Images are formed within cameras and they are actually formed on the retina at the back of our eye. There's a really fascinating aspect of image formation, we take the three dimensional world that we live in, that's very real to us and we project it into two dimensions. So when we have an image, a photograph or something like that, it's flat, it's only two-dimensional. So we've taken three-dimensional things and transformed it into two-dimensional things.
We only had three dimensions to start with, so we've thrown away one, now we've got two. There's got to be some consequence of that. There are some very interesting consequences of trying to crunch three dimensions down into two.
But there's another really interesting aspect of this. And that is if I look at a photograph of a landscape, it looks three dimensional to me, even though I know it's flat, it's a photograph, I can run my hand over it, it is perfectly flat. So there's some magic going on in my head, where I'm reconstructing dimensions that don't actually exist and that just comes from my own personal experience of the three dimensional nature of the world; my brain fills in this extra dimension.
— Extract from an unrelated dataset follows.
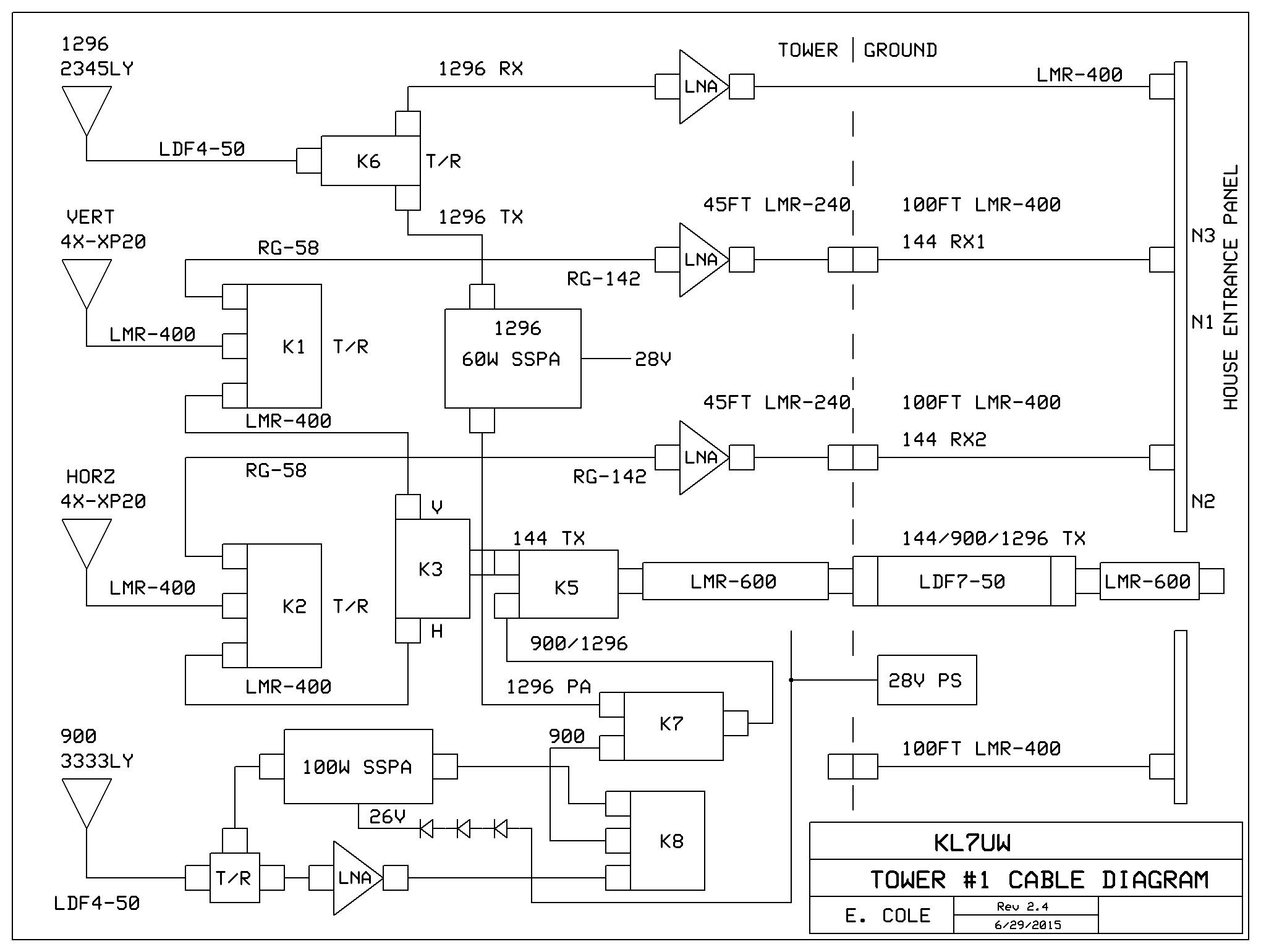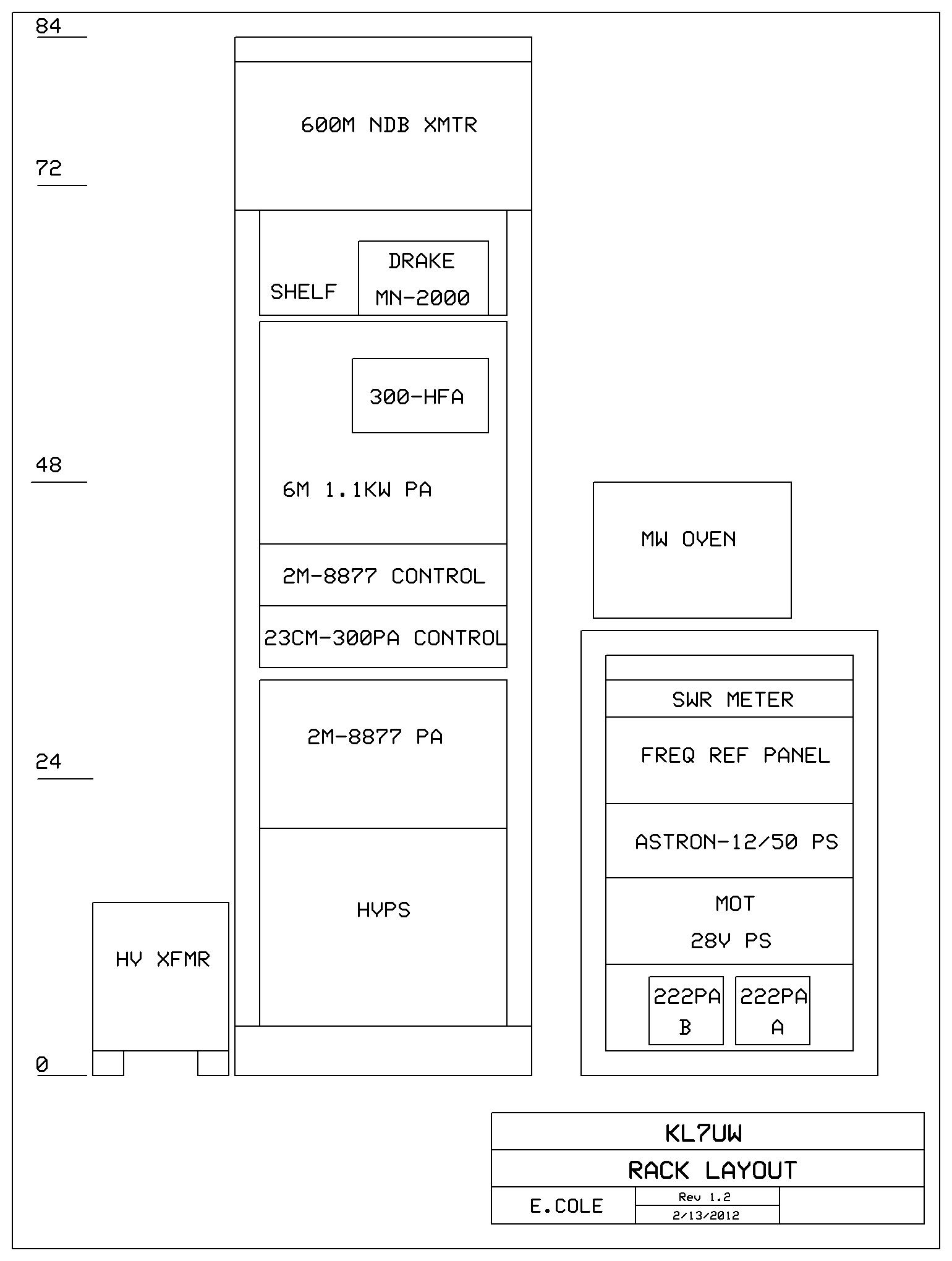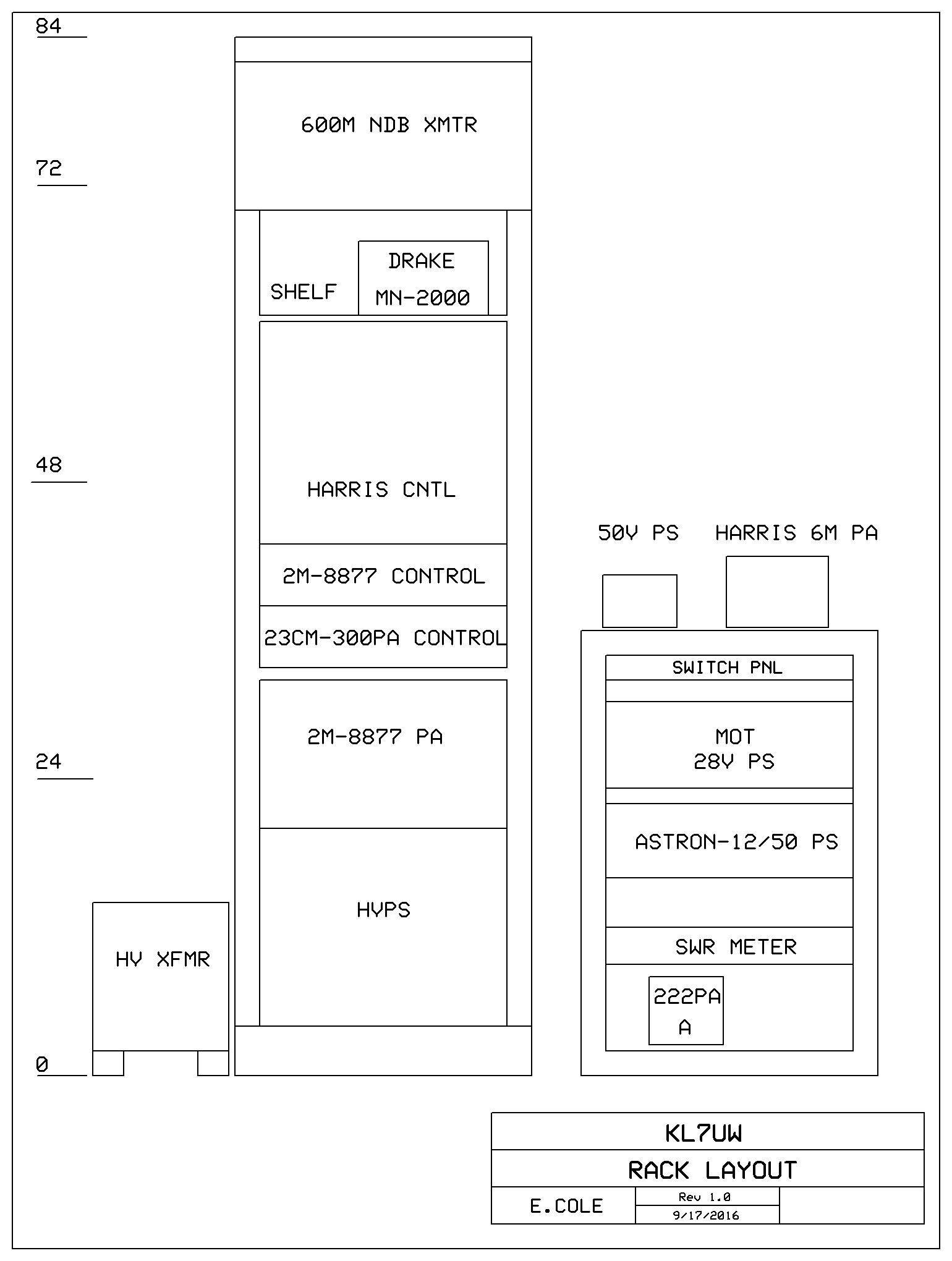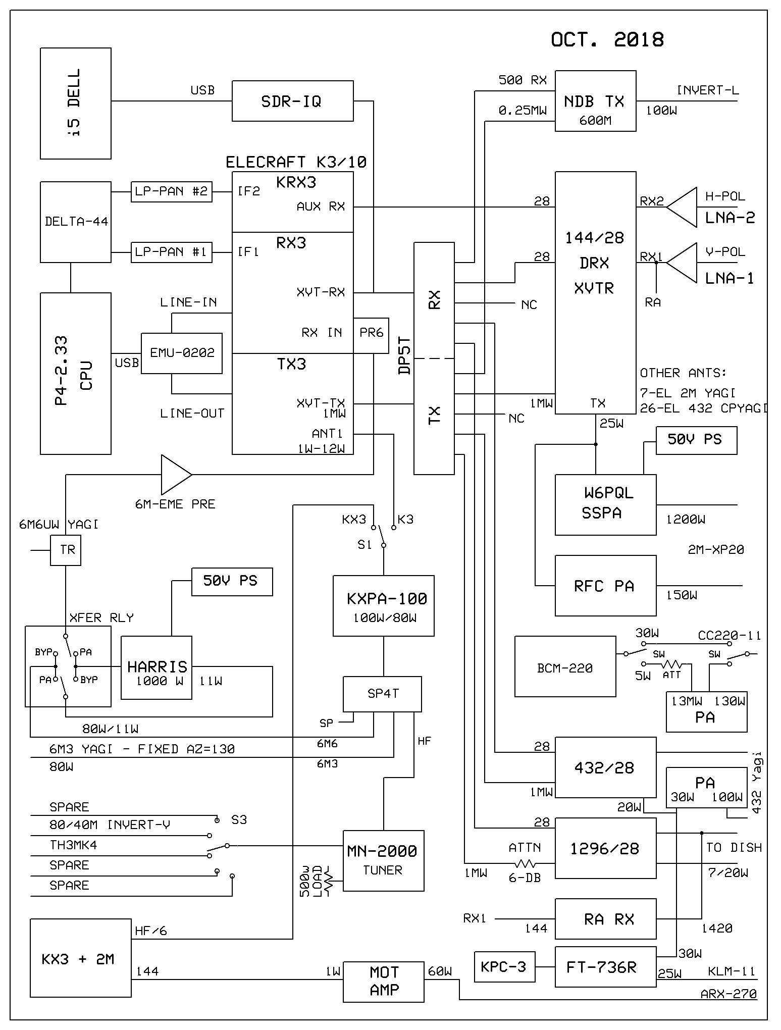 2025 Station Photos in new Hamshack (to be shown here). 2025 Station Block Diagram and Proposed Station, Rack Layout with 222 Remote Equipment Enclosure:

So these are the aspects of image formation that I want to talk about in this group of three lectures. In this lecture we're going to look out how images are formed using pinhole cameras and cameras with lenses and the treatment in this lecture is all going to be geometric; it's about similar triangles. We're also going to look at a few different types of cameras; we're going to look at fisheye cameras and panoramic cameras and a very new type of camera called a "Light Field Camera".
How is an image formed? The real world has three dimensions but an image has only two: how does this happen and what are the consequences? We can use simple geometry to understand what’s going on.